As you can see they’re a largely chocolate based item, about 4 cm long and half a centimeter thick, they’re also light; suspiciously light. The theory stands that you take a small bite from both ends and use it as a crude straw through which to drink Tea. If you’ve read my thoughts on dunking and Tea more generally, you can understand my immediate wariness.
The packet sizes are on the generous size, and the Tim Tams themselves are pretty massive. As a rule of thumb I’d normally suggest that if a biscuit can’t rest on the edge of a saucer it’s failed the acid test. We’re not dealing with biscuits here, these are biscuit bars.
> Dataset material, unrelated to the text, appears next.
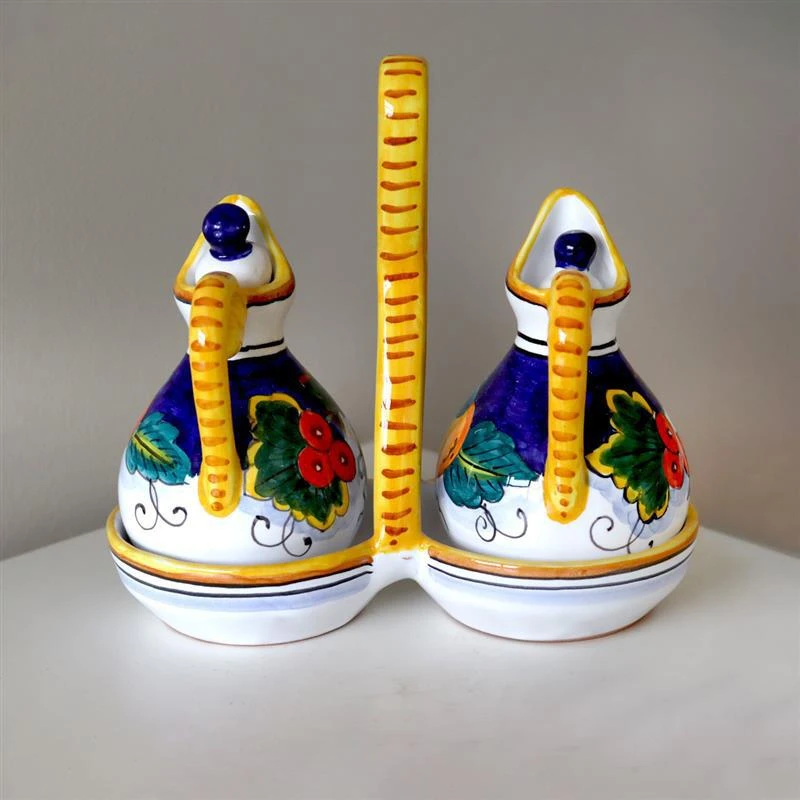 One of Deruta’s most famous motifs involves colorful lemons, berries and grapes against a blue, white and orange background. This motif has inspired our Limone Oil and Vinegar Set. Made in Italy by some of the country’s finest craftsmen and dishwasher safe, the Limone Oil and Vinegar Set provides a festive backdrop for entertaining, and represents the pinnacle of Italian ceramic artistry.

Anyway, even if they were a little gratuitous in their proportions, I had to give the straw thing a go although I chose instead a nice cup of Coffee rather than hot, tainted water. Well, what a bloody performance! I’ve put less effort into packing for a camping holiday that undertaking this palava – Coffee and Tim Tams to hand I sat at a cleared table hunkered carefully over the cup. Then, it’s 2 *mini bites* time so you have any biscuit left to grip before the horrible, rapidly melting, slurping disaster gets underway. Quickly your hands are covered with chocolate before the burning begins and it all slides gracefully into your now ruined coffee. What am I doing, (you think)? Why do I have chocolate all over one hand, all around my mouth and now on all the nearby surfaces; how did I end up at this irritating juncture? And that’s when it all becomes obvious – they’re taking the piss aren’t they, nobody actually does this? The straw technique barely works and you look like a 10 month old child attempting to eat a Creme Egg.
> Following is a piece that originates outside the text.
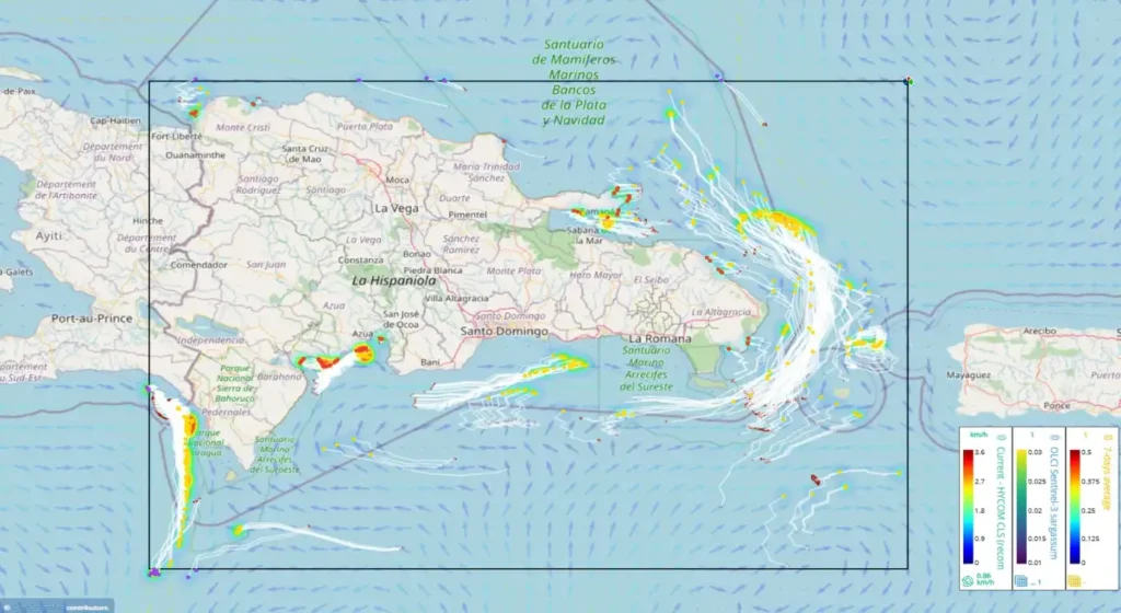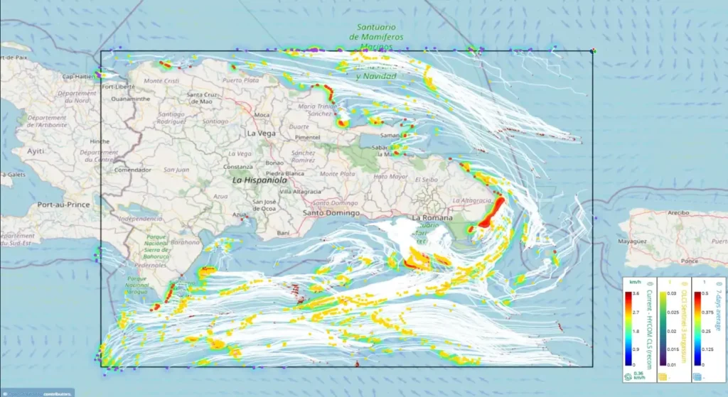 – CLS – SAMtool / Sargassum trajectory forecast, Dominican Republic area.

What of the Tim Tams themselves then? The chocolate is fine, the filling is fine, and the sheer quantity has got to be a good thing, but really it’s a pretty underwhelming dining experience for a ‘nation’s favorite biscuit’. Unfortunately that’s not all – I’ve seen Tim Tams somewhere before. Actually that’s not strictly accurate, I’ve sent them pretty much everywhere before – birthday parties, village fete’s, conferences, lunch boxes, my mum’s cupboards, your mum’s cupboards; they’re not an original concept; they’re actually Penguins. That’s right, one of the most ubiquitous biscuits bars in all history. Yes they’re not individually wrapped and yes, there’s the smokescreen of the straw thing, but anyone with working eyes, taste and of reasonably sound mind, knows that it’s another classic case of Australian ‘invention’.
I suppose it’s a pity, I wanted to like Australia’s favorite biscuit, I really did, but after the straw fiasco and the creeping realisation that they’re a rebranded Penguin, it’s got to be a score of nil points. In answer to my original question then – ‘Tim Tam or flim flam’?